May 7, 2007

There is an old frog parable. It says that if you put frog in boiling water it will immediately jump out with all its energy to save his life. But if you put a frog in cold water and then slowly heat the water, the frog will eventually die as the water becomes hot.

This is the frog mentality, a mentality that blinds us to the changes happening around us. In corporate world, this frog mentality is widespread, particularly in handling competition. If the competition hits hard with all its might in one go, people react like a frog thrown in boiling water and do all they can to save themselves. But if the competition attacks slowly and gradually, they fail to notice the changing environment and end up dying a slow death. Since smaller but serious competitors often attack slowly and gradually instead of hitting their bigger counterparts with a big bang, the second scenario of a slow death due to inability to read the environment is all too common in corporate world.

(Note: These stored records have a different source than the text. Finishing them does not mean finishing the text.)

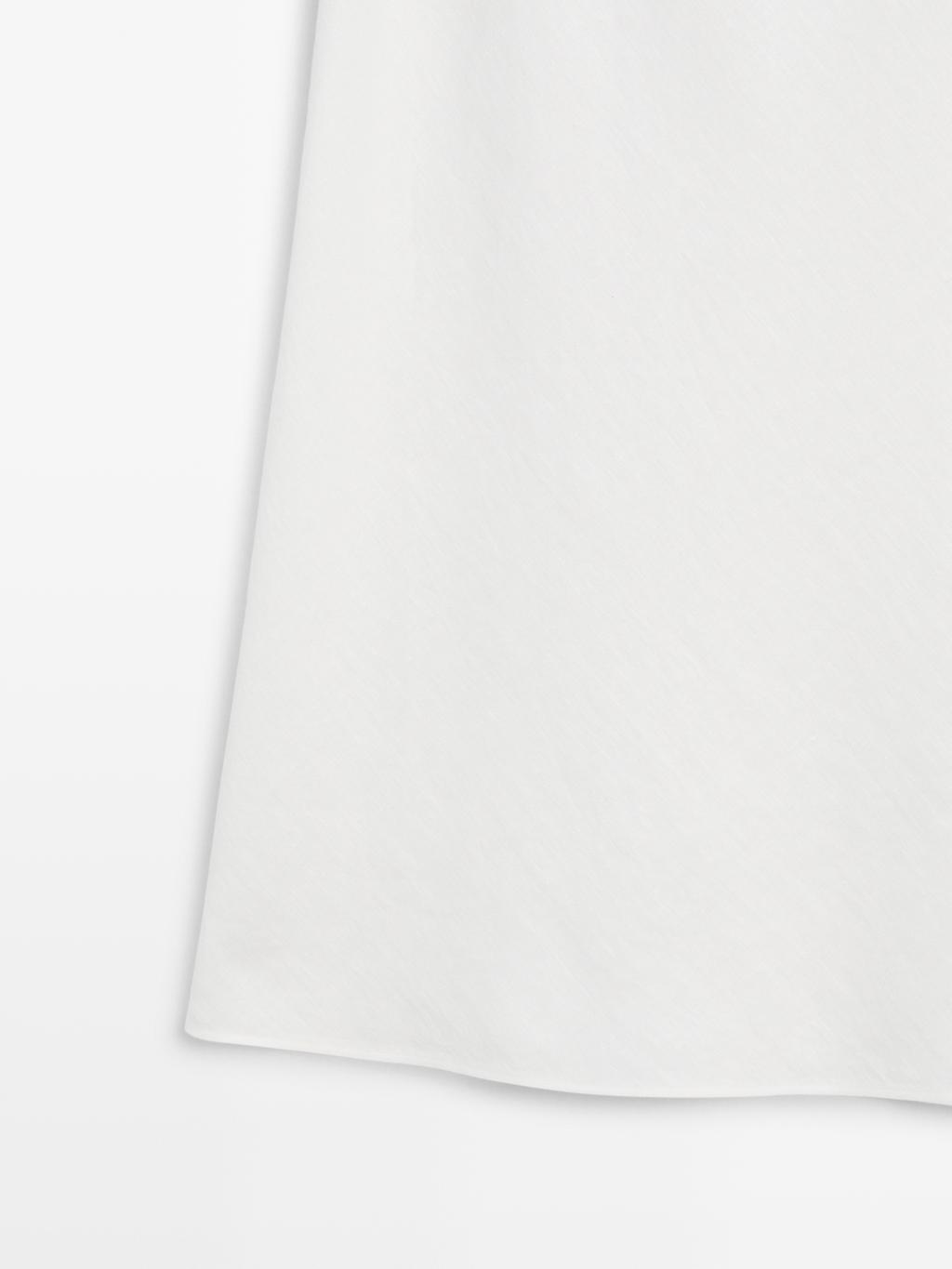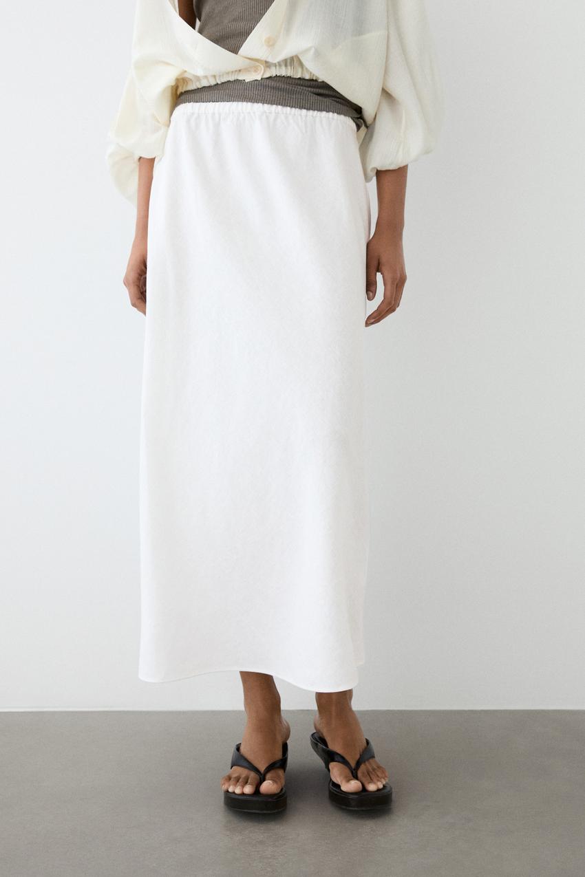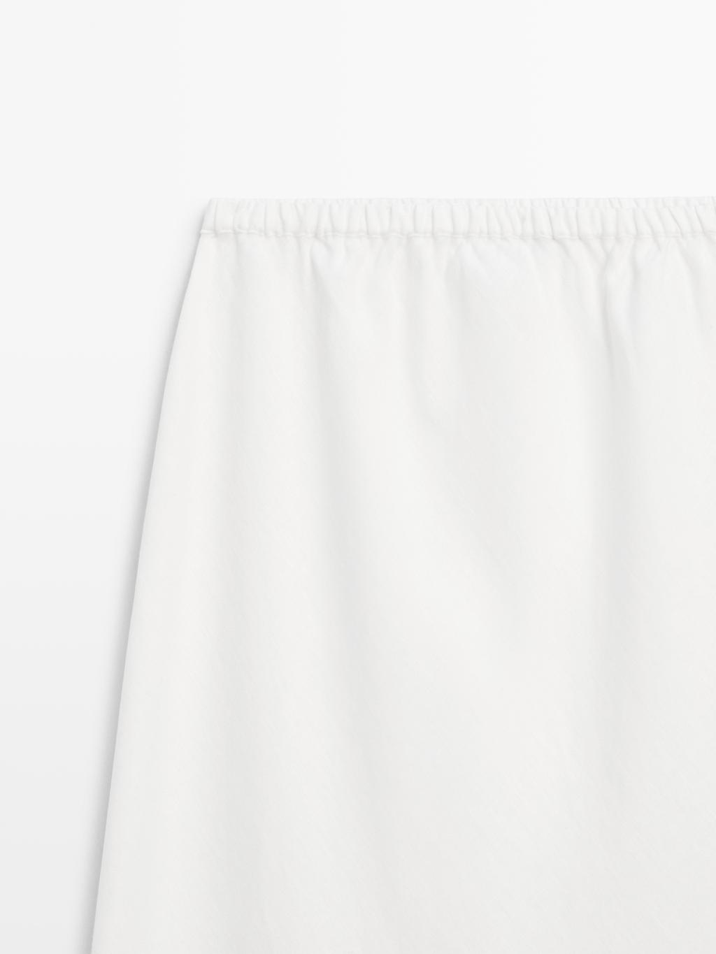 Massimo Dutti Миди-юбка из 100% льна с эластичным поясом, белый
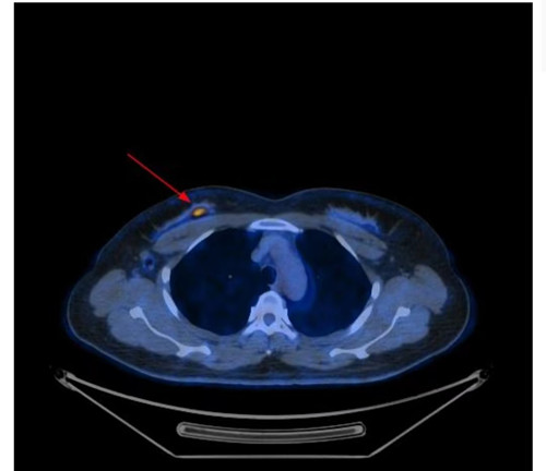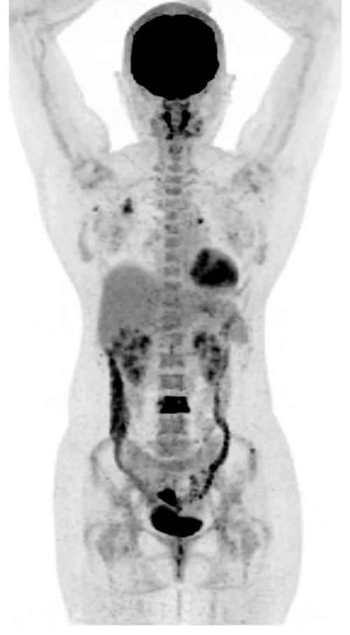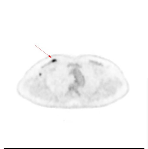 问题来了,彭女士腰椎转移癌原发灶在哪里?是甲状腺癌吗?因关系后续治疗方案,在医生的建议下,彭女士到湖南省人民医院PET影像中心进行PET/CT扫描。检查结果让人大吃一惊,彭女士的右侧乳腺有一个糖代谢明显增高的结节,大小为10mm,高度提示右侧乳腺癌。这下解开了腰椎转移癌的谜底,乳腺癌除腰椎骨转移外,同时发现右侧腋窝淋巴结和骨盆多骨的转移。目前,彭女士已经转入乳甲外科接受手术及进一步治疗。
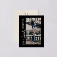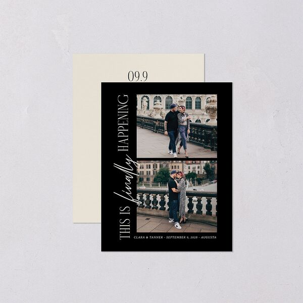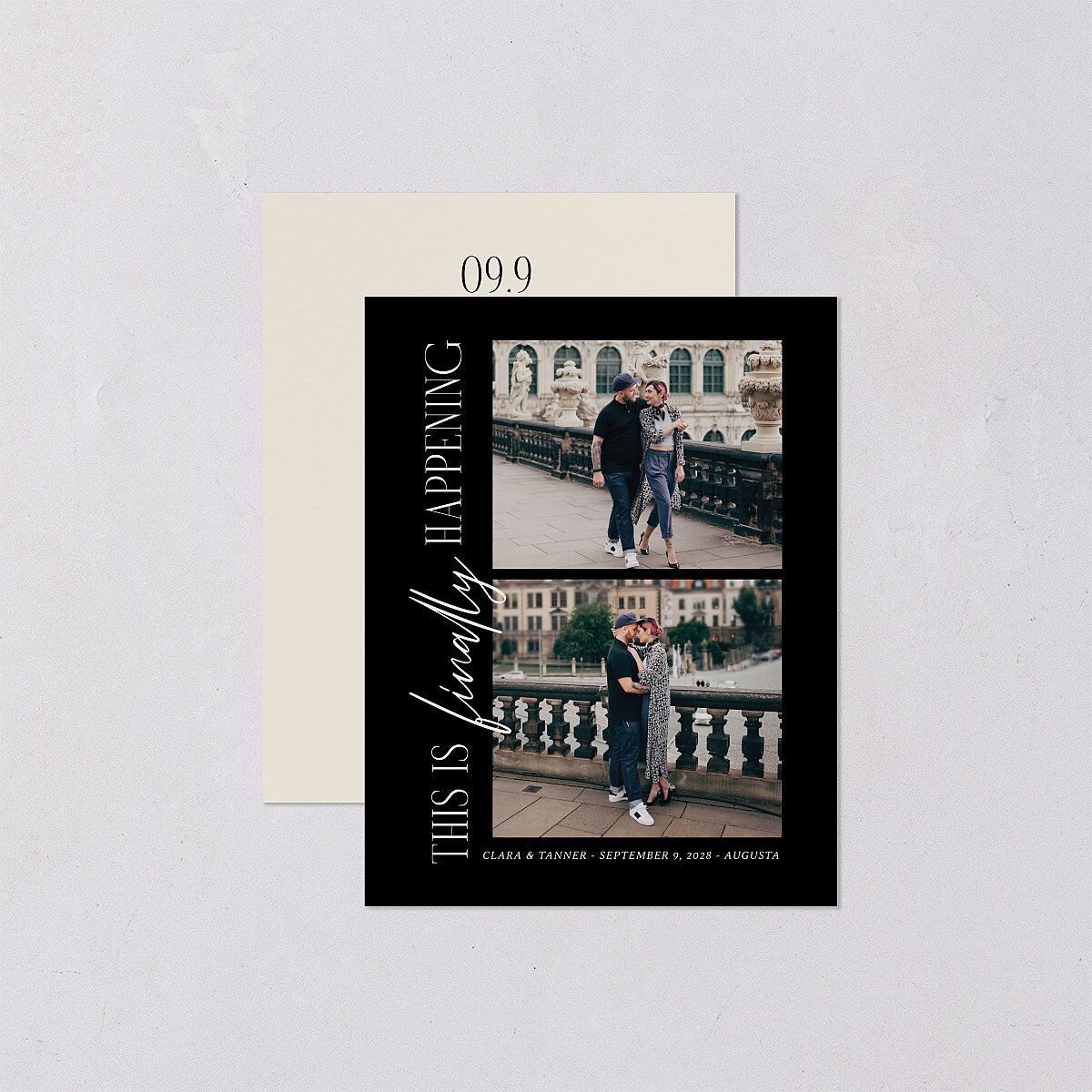 Whether it's a ballroom reception or a garden wedding, these petite save the dates are sure to match your venue type and event theme. The card front displays two photos of you and your beloved beside the words ""This is finally happening."" The back lists your names and wedding date in an ornate blend of cursive script and modern serif typography.
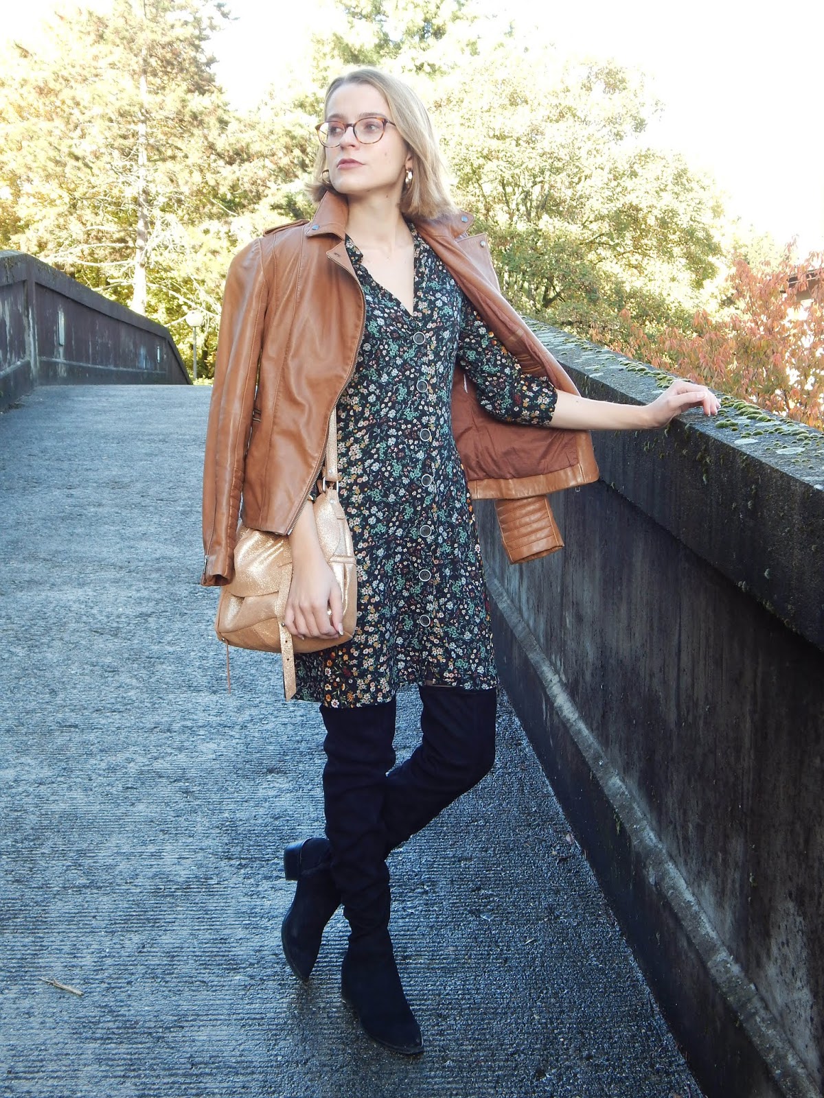 Je me suis quand même motivée ce matin même, où il faisait beau pour shooter deux tenues, dont celle-ci composée de ma nouvelle robe fleurie Stradivarius. Je l’avais déjà portée deux, trois fois, et je l’aime vraiment beaucoup. Faite avec d’assez gros boutons sur tout le long, elle est assez légère et très féminine. Un super achat qui ne m’a coûté que 20€. Avec je porte des cuissardes Stradivarius toujours, achetées l’année dernière. Pour me réchauffer un peu, car nous sommes tout de même en novembre, j’ai opté pour ma veste en cuir marron.
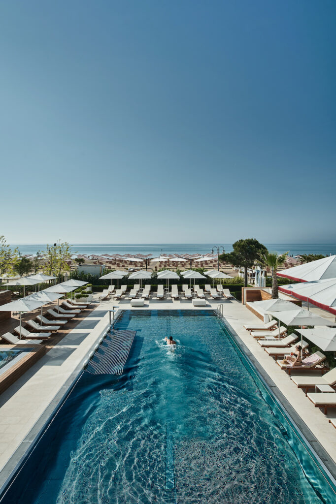 Řetězec Falkensteiner má jako své motto Welcome Home. V případě tohoto brandu nejde o prázdný slogan, ale hoteliérskou filozofii. Vztahuje se samozřejmě i na Falkensteiner Jesolo, kde z vás opadne tíha všedních starostí už na recepci a s definitivní platností pak v soukromí světlem zalitého pokoje. Designér Matteo Thun vsadil v interiérech pokojů na přírodní materiály, pastelové tóny a pohodlný nábytek. Každý pokoj má balkon nebo terasu s výhledem na moře. Na pláž sjedete výtahem, začíná hned za venkovním bazénem a beach barem. Stačí si sbalit ručník, knihu a sluneční brýle, lehátek se slunečníky je na privátní pláži dostatek.
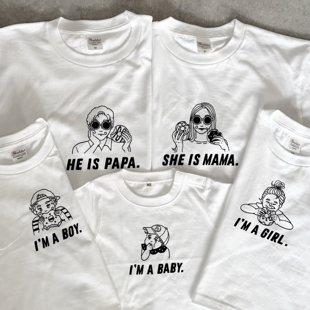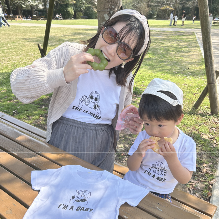 ドーナツをモチーフにした、思わず笑顔になる「親子Tシャツ」です。
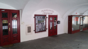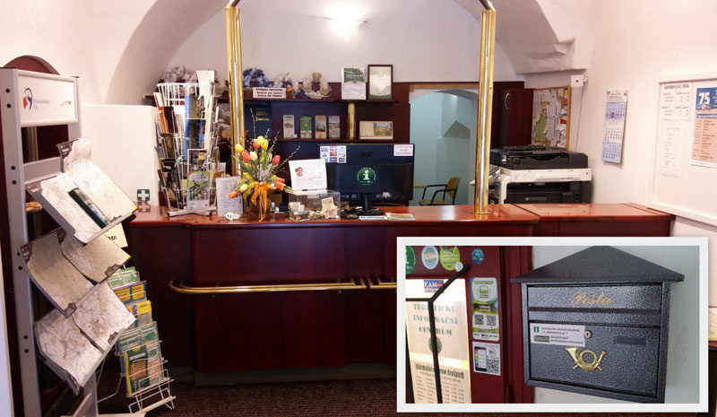 co prodáváme: propagační předměty města, turistické známky, magnetky, keramika, mapy
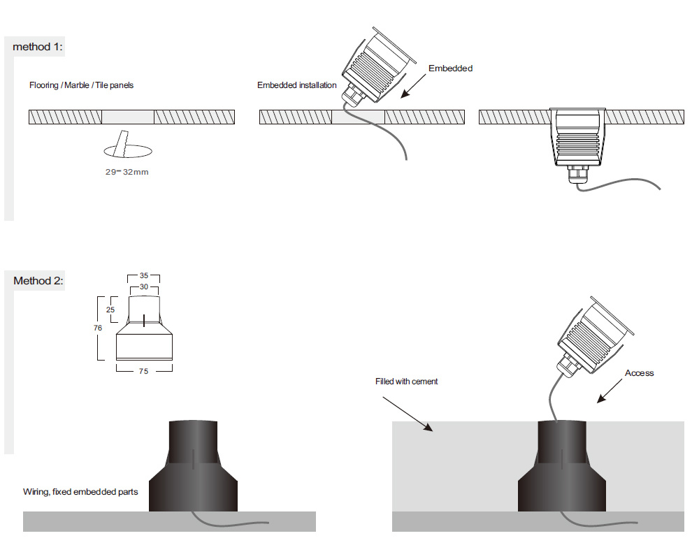 Foco Empotrable Mini Led 1W Voltaje: DC10-30V Potencia: 1W Lúmenes: 100Lm IRC: >80Ra FP:>0,95 ¿Color?: WW/NW/CW Ángulo de haz: 45° Clase IP: IP67 Dimensiones: Ф35×H38mm (profundidad de instalación de 53 mm como mínimo) Tamaño del agujero: Ф28mm Material: acero inoxidable 304 + aluminio 6063
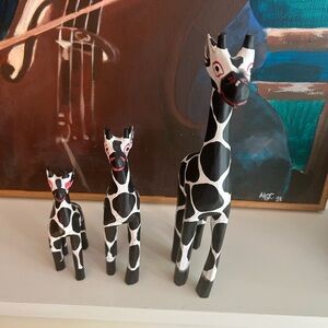 Set of three handcrafted giraffe figurines in black and white. Perfect for home decor. 11.5", 6" and 8" tall

The problem is acute in companies having big brands with big market share. They have a tendency to wallow in their arrogance and laugh at the covert and overt moves made by competitors. MNC giants like Unilever learnt it the hard way when Nirma gradually ate away their market share in detergents with some smart maneuvers. By the time Unilever realized that its tail was on fire, it was too late to use fire extinguisher! In Indian context, similar were the stories of CavinKare's attack in the shampoo and the fairness cream segments where Unilever again found itself at the receiving end; and the attack by Priya Biscuits on Britannia's stranglehold of cookies segment. In international context, slow and gradual onslaught of Japanese car makers led by Toyota is a historic example. Other examples could be gradual dominance of Korean and Japanese appliances manufactures to the detriment of giant American appliances manufactures. If looked beyond surface, it would emerge that the common thread running between all these examples is the frog mentality on part of the incumbent and a nimble-footed, flexible, and consistent strategy of the challengers.

This frog mentality is bound to make many giants tumble if they don’t learn to recognize the changes in competitive environment. At least in India, I can see that days of many a big brand might be numbered due to complacency on their part to recognize the existence of competition. Non-acknowledgement of a reality is the easiest way to move towards a disaster.

I have seen very senior managers trying to hide the fact that competition exists; at least they underplay the impact of competition. Instead of accepting the presence of an aggressive competition and chalking out a strategy to minimize their impact, senior managers discard it as not worth attention. If anyone brings to their attention the growing menace of competition, they dismiss it as mere panicky behaviour. They consider themselves too big to get hit by competition. In the process, they forget that some time back they too were small and only gradually became big! Their competitor too can become big.

It’s high time for business leaders to shun frog mentality and wake up to the realities of their environment before it is too late.